# Char Griller Kamado vs WSM



## Smithc11369

Debating on upgrading from my offset Char Griller to either a Weber Smokey Mountain or the new Char Griller Kamado Kooker. The differences I'm seeing are that the Kamado is double wall insulated allowing you to smoke with very little LUMP COAL at 250 degrees for up to 18 hours without adding any new coal. It has less usable smoking surface compared to the larger WSM but you can smoke at 300 degrees or sear a steak at 700+ degrees. 

What are your thoughts?


----------



## wittdog

I would go with the wsm. It's a proven winner. I would be skeptical about the chargriller kamano cooker. There is a reason it's cheaper than a real kamano aBGE or a Primo.  

By the way at 300* you aren't smoking you are roasting. 

Sent from my intergalactic communicator using Tapatalk


----------



## Nick Prochilo

What Witt said!


----------



## bbquzz

Saw one at Lowe's yesterday, looks really nice, but I'm betting two or three years form now you would be replacing it. I'm still using a Weber I bought in 1972. My vote is WSM!


----------



## Smithc11369

What lead you to believe I would be replacing it?


----------



## Cliff H.

If you are going to buy a CGK, you better get it quick, they will figure out how to make it a cheap POS like the rest of there stuff in a year or two.


----------



## Toby Keil

WSM all the way!


----------



## Smithc11369

I actually went with the Char Griller Kamado and LOVE it! Yesterday I seasoned my grate when I got home and was able to hold 400 degrees for over 5 hours. Today I'm making burgers, dogs, chicken boobies and some red skins and she's doing awesome! Holding right at 250 GT. I'll post pictures soon.


----------



## Smithc11369

After checking out SO much stuff about the WSM and doing as much research as possible on the Char Griller Akorn Kamado Kooker, I had to draw the conclusion that the Akorn is a much better fit for my needs. I love the fact that it's insulated and unlike the WSM, I won't have to wrap a blankie around it to keep it warm in the winter!!! How stupid is that? The Akorn doesn't have a charcoal refill door... This is because the damn thing holds at whatever temperature you set it at for 18-24 hours on one single load of coal. Rain or shine, winter or summer, wind or no wind. No blanket required! I also like how well the Akorn is built! People on here and other websites try to knock the quality of the grill but I don't see how they can. Especially since they have absolutely no experience with the grill itself.


----------



## Nick Prochilo

Your choice. But you did ask our opinions. 
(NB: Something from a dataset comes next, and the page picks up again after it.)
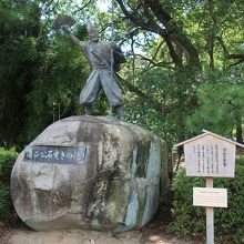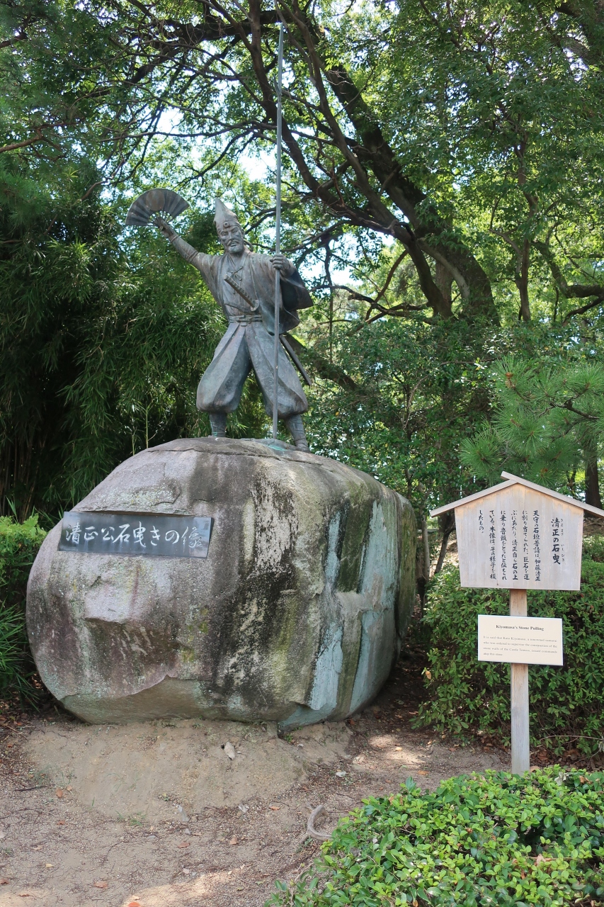名古屋城の東南隅櫓の南側に名古屋城内唯一の像があります。それが清正公石曳き像です。大きな石の上に扇を持って、石を曳く音頭をとる姿を模した像の姿が、勇猛の姿の武者像とは一味違って少しユーモラスです。でも、実際に加藤清正自ら石曳きを先導したとは思えないです。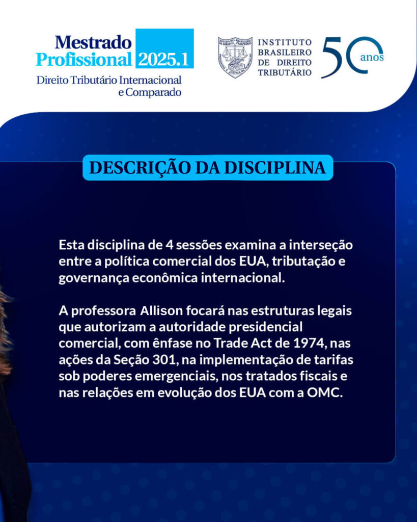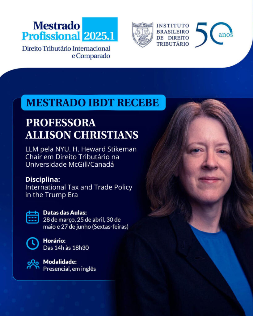 O Mestrado Profissional do IBDT tem a honra de receber a Professora Allison Christians, especialista internacional em Direito Tributário e Política Comercial, do Canadá, para ministrar a disciplina International Tax and Trade Policy in the Trump Era.

Sent using smoke signals because I'm a cheap bastard!


----------



## swampsauce

Here is what i think, way too late of course. You bought a grill that can be used as a smoker. The WSM is a smoker that can be used as a grill. I feel both will serve well for a long time. I won a Primo a few years back. Sold it and bought 3 WSM's. But my wife thinks Im a little weird though.....


----------



## wittdog

Good luck with the new grill. I hope you get years on enjoyment out of it.  Keep us posted and we live pics of cooks here. 


Sent from my intergalactic communicator using Tapatalk


----------



## Smithc11369

Nick Prochilo said:
			
		

> Your choice. But you did ask our opinions.
> 
> 
> Sent using smoke signals because I'm a cheap bastard!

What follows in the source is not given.